It wasn't until the last couple years that I began to really notice manipulation in relationships. I'd gotten out of a friendship where, in retrospect, I'd been manipulated a lot and it really opened my eyes to the myriad of ways in which manipulation was a big part of some of my friendships.
It probably seems naive, and I guess that I was, but it really took me aback. I hadn't known. I really hadn't seen it. But once I saw it, I couldn't unsee it, and it was a strange process. At first, I was just plain hurt that people I cared about would use those manipulative ways to get me to do or be the things they wanted me to do and be. And then I was angry that they would have so little respect for our friendship and for me that they were willing to use me instead of be friends with me. But, over time, I began to accept that I had a role in that too. Because while maybe I was blind to it, I had also allowed it. I had caved to the manipulation. I had reinforced the habit. And I had maybe even done it back.

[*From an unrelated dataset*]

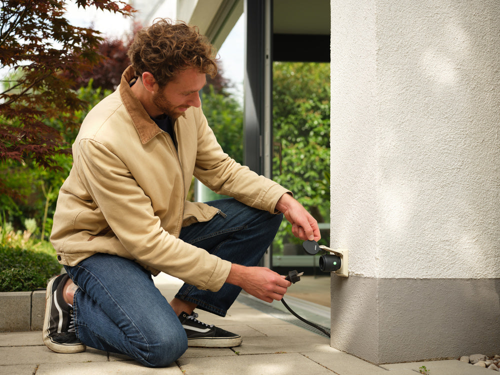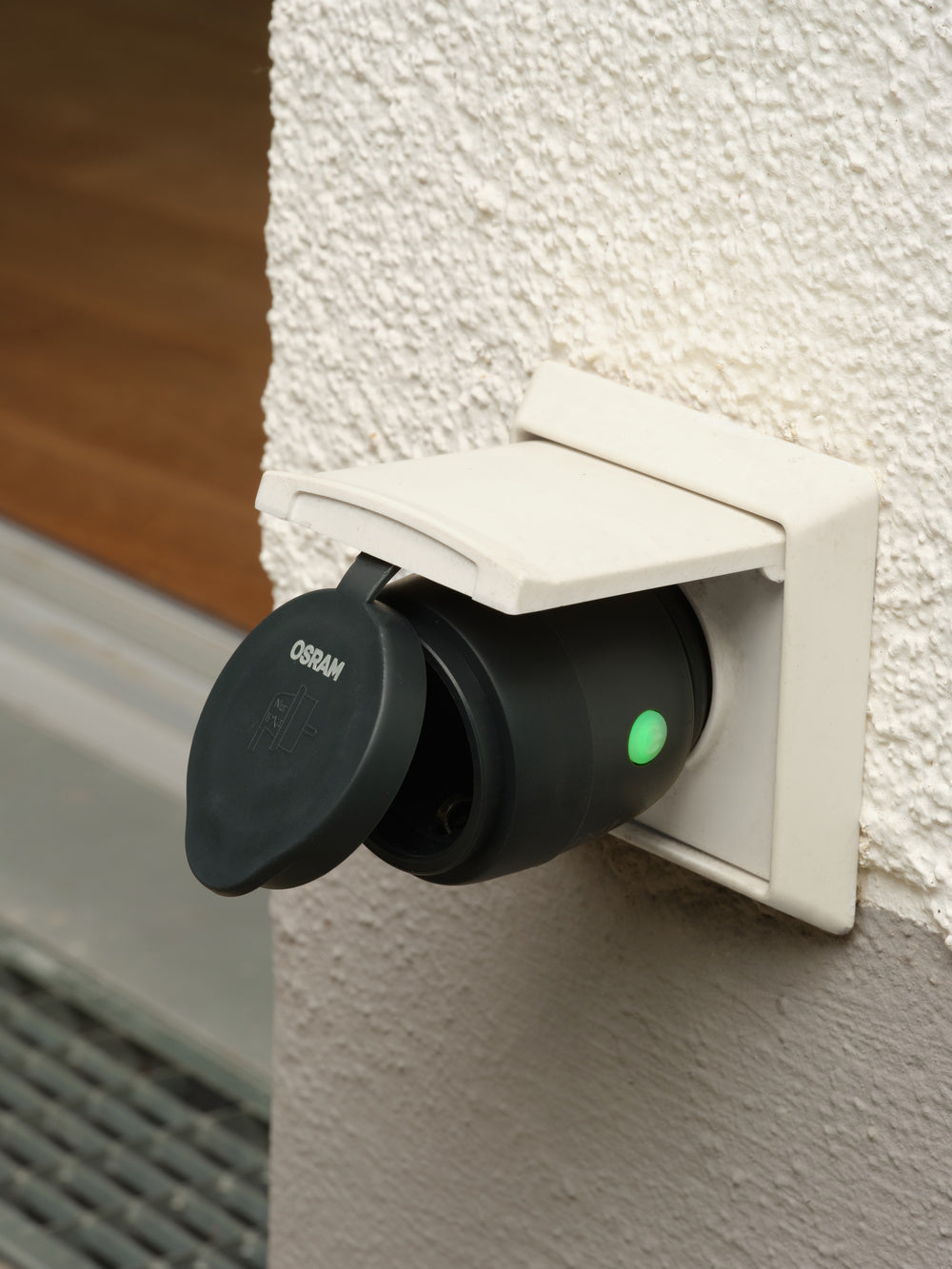 Kompakte smarte Außensteckdose mit Energieverbrauchskontrolle über ZigBee Technologie steuerbar.

What followed were two years of hypervigilance on my part... I was so tuned to the manipulation and so wary of it. I began to cut people out of my life who used it the most stringently. But I also kept most everyone at arm's length, so worried about someone else manipulating me where I couldn't see it. I'm not sure that was the healthiest way to behave, either.
Where I am now is not a bad place. My eyes have been opened. I am aware of the places in which I am most susceptible, and I am less naive than I was before. But, I am also learning once again to be more soft. To be trusting again.. but in a healthier way.